→ **Instructions to follow**: In the copy, include every entry exactly but none of its images.

→ **Excerpts from a dataset**:

■ ■ ■

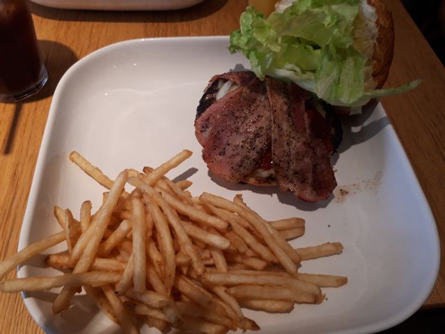 《いぬ》とでかけていたので帰りにハンバーガーを食べました。注文をしてから出来上がりまで40分かかりました。美味しいですが《いぬ》には少し黒コショウが辛かったようです。帰りに伊勢丹でケーキを買いました。
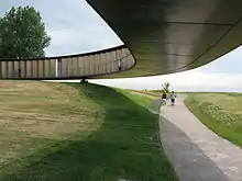The monument was chosen in a public contest and was set to be built on April 13, 2011. It was designed by French designer, Philippe Prost.[7][8] The monument was inaugurated in an Armistice Day celebration on November 11, 2014 by French president, François Hollande. The Nord-Pas-de-Calais région président, Daniel Percheron and the German Minister of Defense, Ursula von der Leyen, were also in attendance of the inauguration ceremony.[9] Neither the German Chancellor nor the British Prime Minister were in attendance.
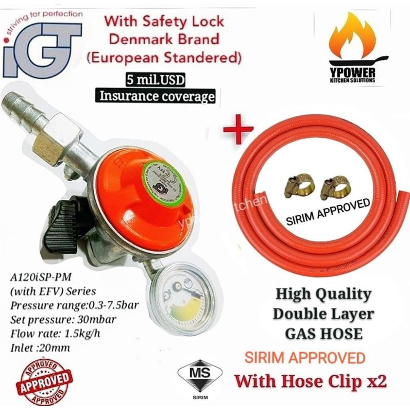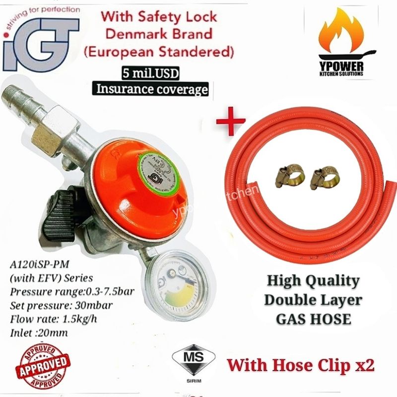 IGT SAFETY GAS REGULATOR A120isp With 1.5 meter SIRIM High quality double layer gas hose&clip
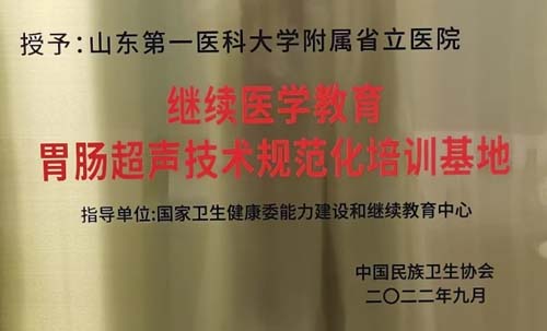 近日,山东第一医科大学附属省立医院(雷技竟 )举行国家继续医学教育胃肠超声技术规范化培训基地落成仪式,并成功举办第一期“胃肠超声品质培训班”。
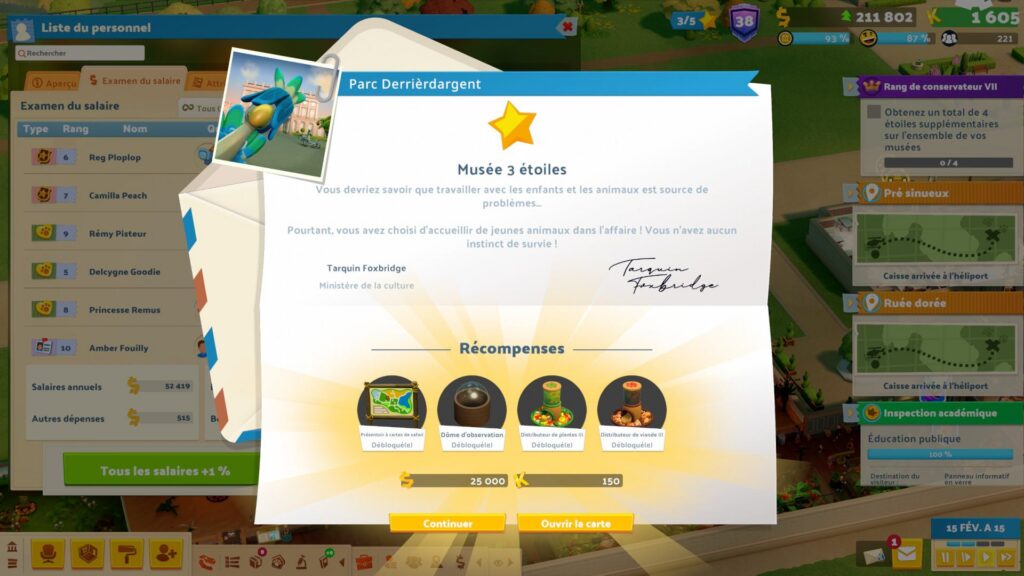 La difficulté n'est pas très élevée, globalement c'est un peu le reproche que je fais à Museum et qui se poursuit ici. Il n'y a pas un équilibre ultra précis à trouver, avec même des salles à allumer ou éteindre en fonction de la demande comme dans Hospital. Tant qu'il n'y a pas trop d'employés surpayés, que les salles primordiales sont installées (cafétéria, toilettes, repos, formation...), et que les éléments sont mis en valeur, les visiteurs viennent et dépensent.
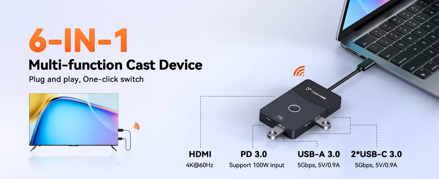 • 6-IN-1 Portable Wireless USB C Hub: The wireless USB C sender features 1 HDMI port, 1 PD 3.0 port (Input 100W, Output 85W), 2 USB-C 3.0 ports, and 1 USB-A 3.0 port. This 4K HDMI wireless transmitter and receiver breaks through the data transmission barriers common to conventional wireless display adapter cast devices. It enables simultaneous data transfer and device charging during display, eliminating the hassle of constantly switching devices for data transfer and truly boosting your productivity.
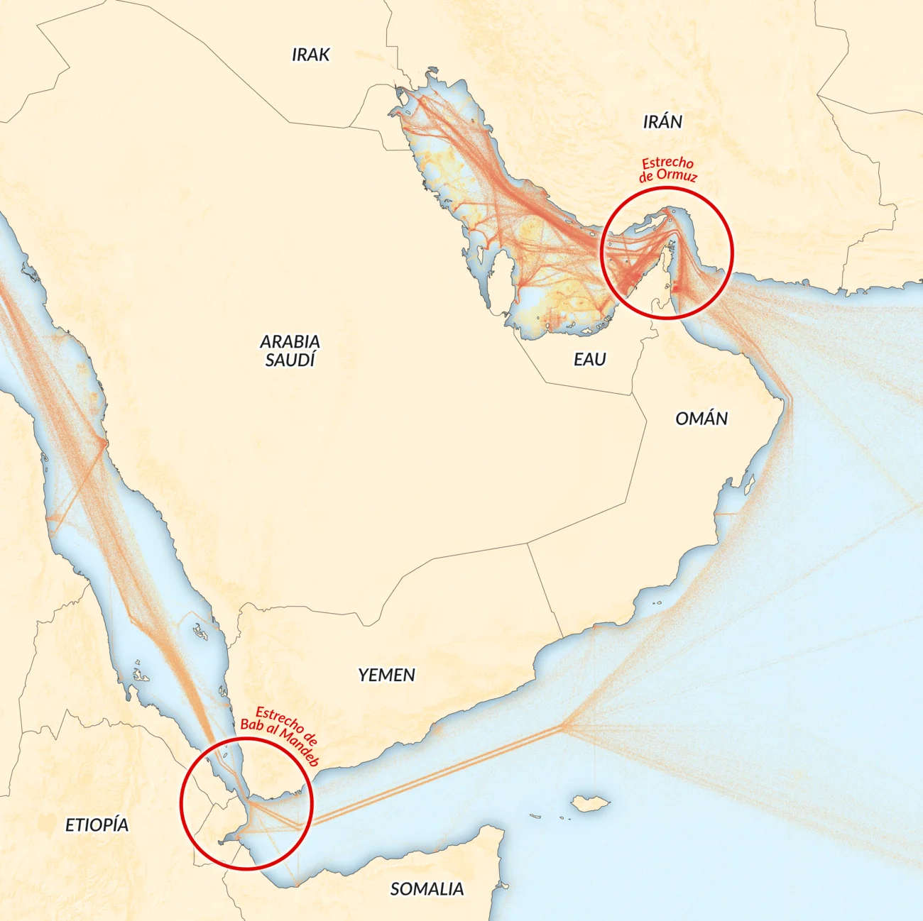 La amenaza iraní de cerrar el Estrecho de Ormuz —ruta por la que transita el 20% del GNL mundial, principalmente hacia Asia— alertó a inversores y gobiernos. El cierre afectaría especialmente a países como China, India, Japón y Corea del Sur, que absorben más del 80% del crudo y GNL que pasa por esa vía. Créditos: El Órden Mundial.

■ ■ ■

→ **Reply**:
 《いぬ》とでかけていたので帰りにハンバーガーを食べました。注文をしてから出来上がりまで40分かかりました。美味しいですが《いぬ》には少し黒コショウが辛かったようです。帰りに伊勢丹でケーキを買いました。
The monument was chosen in a public contest and was set to be built on April 13, 2011. It was designed by French designer, Philippe Prost.[7][8] The monument was inaugurated in an Armistice Day celebration on November 11, 2014 by French president, François Hollande. The Nord-Pas-de-Calais région président, Daniel Percheron and the German Minister of Defense, Ursula von der Leyen, were also in attendance of the inauguration ceremony.[9] Neither the German Chancellor nor the British Prime Minister were in attendance.
 IGT SAFETY GAS REGULATOR A120isp With 1.5 meter SIRIM High quality double layer gas hose&clip
 近日,山东第一医科大学附属省立医院(雷技竟 )举行国家继续医学教育胃肠超声技术规范化培训基地落成仪式,并成功举办第一期“胃肠超声品质培训班”。
 La difficulté n'est pas très élevée, globalement c'est un peu le reproche que je fais à Museum et qui se poursuit ici. Il n'y a pas un équilibre ultra précis à trouver, avec même des salles à allumer ou éteindre en fonction de la demande comme dans Hospital. Tant qu'il n'y a pas trop d'employés surpayés, que les salles primordiales sont installées (cafétéria, toilettes, repos, formation...), et que les éléments sont mis en valeur, les visiteurs viennent et dépensent.
 • 6-IN-1 Portable Wireless USB C Hub: The wireless USB C sender features 1 HDMI port, 1 PD 3.0 port (Input 100W, Output 85W), 2 USB-C 3.0 ports, and 1 USB-A 3.0 port. This 4K HDMI wireless transmitter and receiver breaks through the data transmission barriers common to conventional wireless display adapter cast devices. It enables simultaneous data transfer and device charging during display, eliminating the hassle of constantly switching devices for data transfer and truly boosting your productivity.
 La amenaza iraní de cerrar el Estrecho de Ormuz —ruta por la que transita el 20% del GNL mundial, principalmente hacia Asia— alertó a inversores y gobiernos. El cierre afectaría especialmente a países como China, India, Japón y Corea del Sur, que absorben más del 80% del crudo y GNL que pasa por esa vía. Créditos: El Órden Mundial.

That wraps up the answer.